- Всегда невозмутим и ровен,
Вдруг лавку бьёт – и я ему дивлюсь.
Но если дело так дойдет до бревен,
Тогда за терем я не поручусь!
Но молится-то как: ни слов, ни вздоха,
А весь он там, и слышит его Бог!
И, как сейчас бы ни было нам плохо,
Не верю я, чтоб Бог нам не помог!
(Мономаху)
- Да я хоть завтра, то есть, нынче в бой!
В Степь – значит, в Степь, без разговоров пряных.
Я – русич, и пожертвую собой,
Лишь бы скорее перебить поганых!
За дверью неожиданно слышится топот, крики: «Стой!», «Куда?!», затем шум борьбы и жалобный стон.
Мономах:
- С ума сошли – побудят же детей!
Нашли, когда и где повеселиться…
Ратибор
(виновато):
- Охрана – трое молодых людей.
(повышая тон и растирая на ходу кулак)
Сейчас у них постарше будут лица!
Ратибор выходит, и за дверью слышится его грозный голос:
Голос Ратибора:
- Что тут еще? И это еще кто?
1-й молодой голос:
- Да вот, вбежал и ну ломиться в терем!
2-й молодой голос:
- Мы думали, это из наших кто…
3-й молодой голос:
- А это раб – глазам своим не верим!
Голос Ратибора:
- И я не верю собственным глазам -
Какой-то раб навел на гридней страху!
А ну-ка, дайте, я займусь им сам…
Кто ты? Куда?! Зачем?!!
Слабый, сдавленный голос:
- Я – к Мономаху…
Ратибор возвращается, вталкивая перед собой в гридницу худого, изможденного человека. На шее у того – обрывок грязной веревки, на драном половецком халате следы запекшейся крови.
Ратибор:
- Вот, княже, говорит, прости, к тебе!
А кто, зачем – пока не отвечает…
Прикажешь попытать его в избе?
Мономах
(пряча в бороде улыбку):
- Ну кто же сразу так гостей встречает?
(оглядывает пленника)
По лику – не степняк…
Ратибор:
- По силе тоже!
Что, князь Владимир, будем делать с ним?
Беглец
(падая на колени, радостно):
- Ты князь Владимир?

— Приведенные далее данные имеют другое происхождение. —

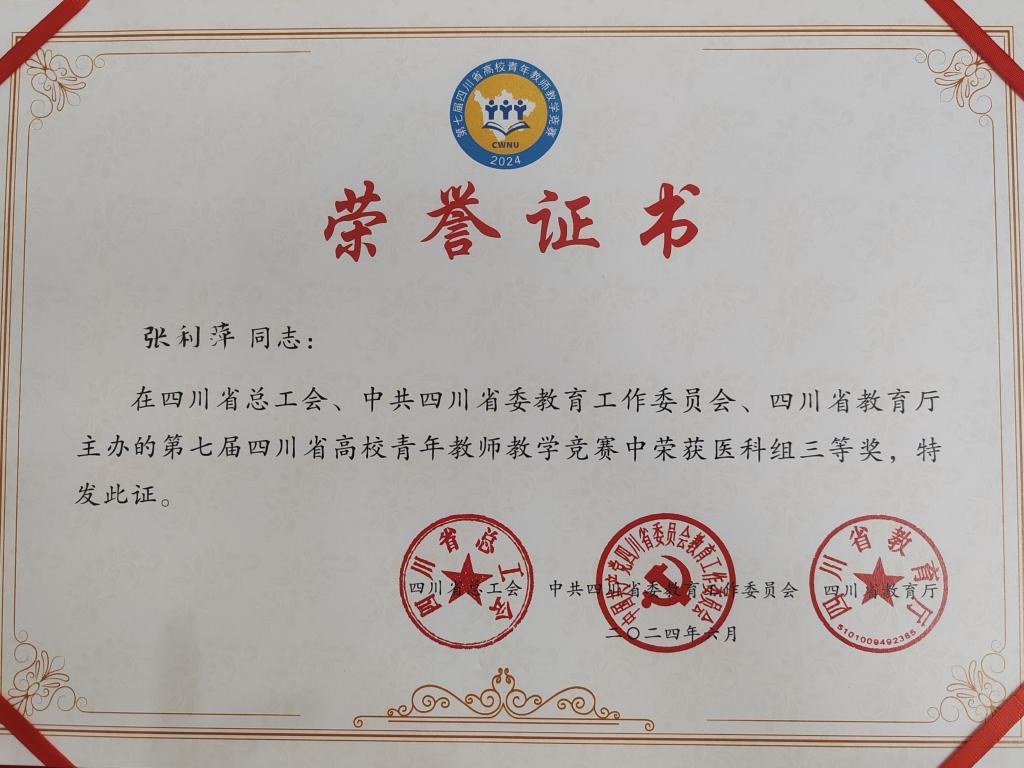 6月27日-28日,第七届四川省高校青年教师教学竞赛决赛在西华师范大学举行。beat365康养学院教师张利萍荣获高校医科组三等奖,beat365在线唯一官网获优秀组织奖。

Слава Тебе, Боже!
Ратибор
(окончательно убеждаясь):
- И речью можно приравнять к своим!
Мономах
(с сочувствием пленнику):
- Да, вижу, нелегка была дорога!
Переяславльский? Мой? От половца беглец?
Беглец
(путаясь в словах):
- Нет, то есть да… Беглец! Но, ради Бога!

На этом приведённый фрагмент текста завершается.